Carver angled slightly westward as he reached the sand-hill country near the line. This was the poorest land in all the Strip, yet in common with better stuff it had been staked solidly on the day of the run. The majority of these sand-hill claims were destined to change hands many times before prove-up work would be completed and patents issued for the land. Carver found this country unfenced and the few homestead cabins were mainly deserted. The surface was rough and choppy, a veritable maze of dunes, some covered with tufts of tall red grass and studded with clumps of dwarfed brush and needle-leaved yucca plants. There were ridges and domes of white blow-sand, worn by the action of the wind. These stretches of sand had retarded the progress of the fire which had swept the country in late summer and the most of it was covered with grass. There were occasional flats carpeted with short, wiry salt grass. As Carver neared the edge of one of these basins he suddenly pulled up his horse and peered through the fringe of tall grass that graced the crest of an intermediate ridge.
“Here comes the casual party now,” he commented. “Wounded as stated in the reports, and with a posse right at his heels.”
Two hundred yards out in the flat a rider was pounding down toward the possible cover afforded by the rough country which Carver had just traversed. His left arm hung stiffly at his side and he turned in his saddle with an effort as he gazed back at a group of horsemen, some eight or ten of them, that were surging out into the far edge of the depression a mile or more behind.

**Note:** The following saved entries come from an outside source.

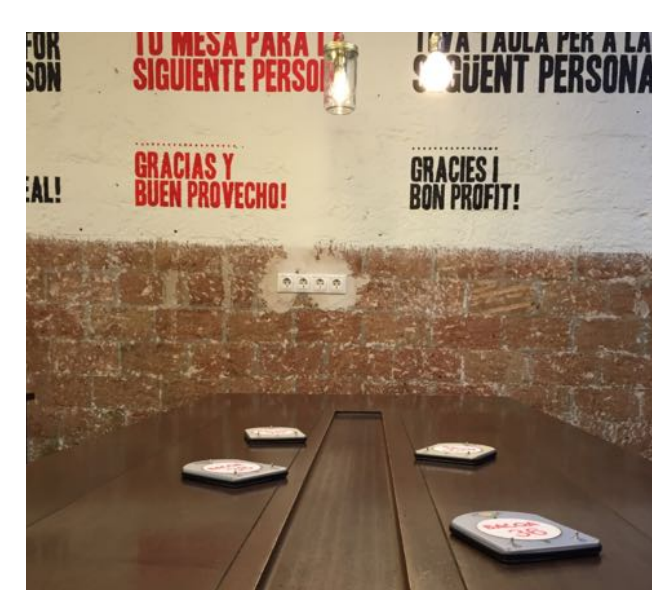
All-over lamination below a wooden table BACOA , Barcelona , Spain

If you want to stick the tags on the top, we recommend you a special label to protect the tag against vandalism.
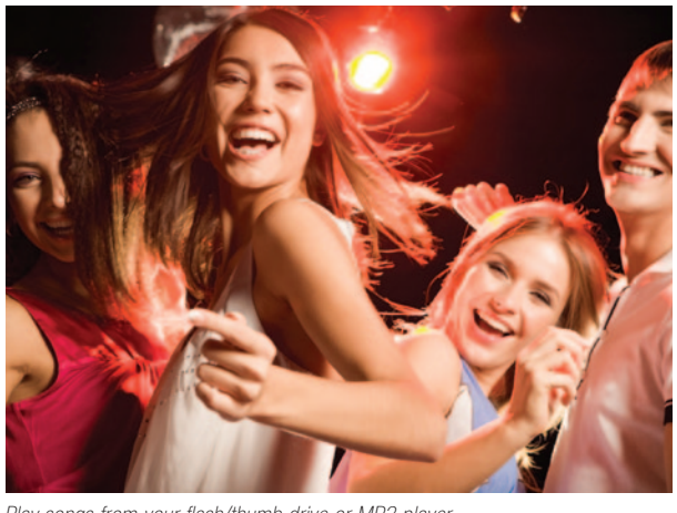
Play songs from your flash/thumb drive or MP3 player.
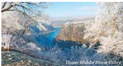
Upper Middle Rhine Valley

The National Trust for Historic Preservation is a private, nonprofit membership organization dedicated to saving historic places and revitalizing America's communities. For more information, visit the Trust's website at www.savingplaces.org .

As Bart crossed the low ridge he started to whirl his horse at the sight of the man posted in his line of flight, then recognized Carver and held straight on. Carver turned and rode with him, noting that Bart’s horse was almost spent.
“I’d trade mounts and let them pick me up instead. I could furnish a perfect alibi,” Carver said. “But that wouldn’t do. They’d trace the ownership of your horse.”
“Don’t let that point deter you,” Bart returned easily. “This is no horse of mine. I wouldn’t own him. I borrowed him, sort of, on the spur of the moment.”
“But the saddle,” Carver insisted.
“Goes with the horse,” said Bart. “You’re not up to yourself or you’d recognize that it ain’t my outfit.”
“All right. Let’s switch. Quick!” Carver ordered. “Duck up that coulee to the left and keep on the grass where it won’t leave any tracks,” he advised, when the change had been effected. “Push him hard and hold to the bottoms.”
Carver veered off to the right. He had covered something over half a mile when the posse sighted him as he crossed a low ridge. For another three miles he maintained a lead, then rode out on to a high point of ground and halted his weary mount. The posse had fanned out over a half-mile front to guard against their quarry’s doubling back through the choppy breaks. One after another of the man-hunters sighted the solitary figure on the ridge and headed for the spot. Carver turned and regarded the first two that approached. They pulled their horses to a walk, allowing time for another pair of riders to draw in from the right.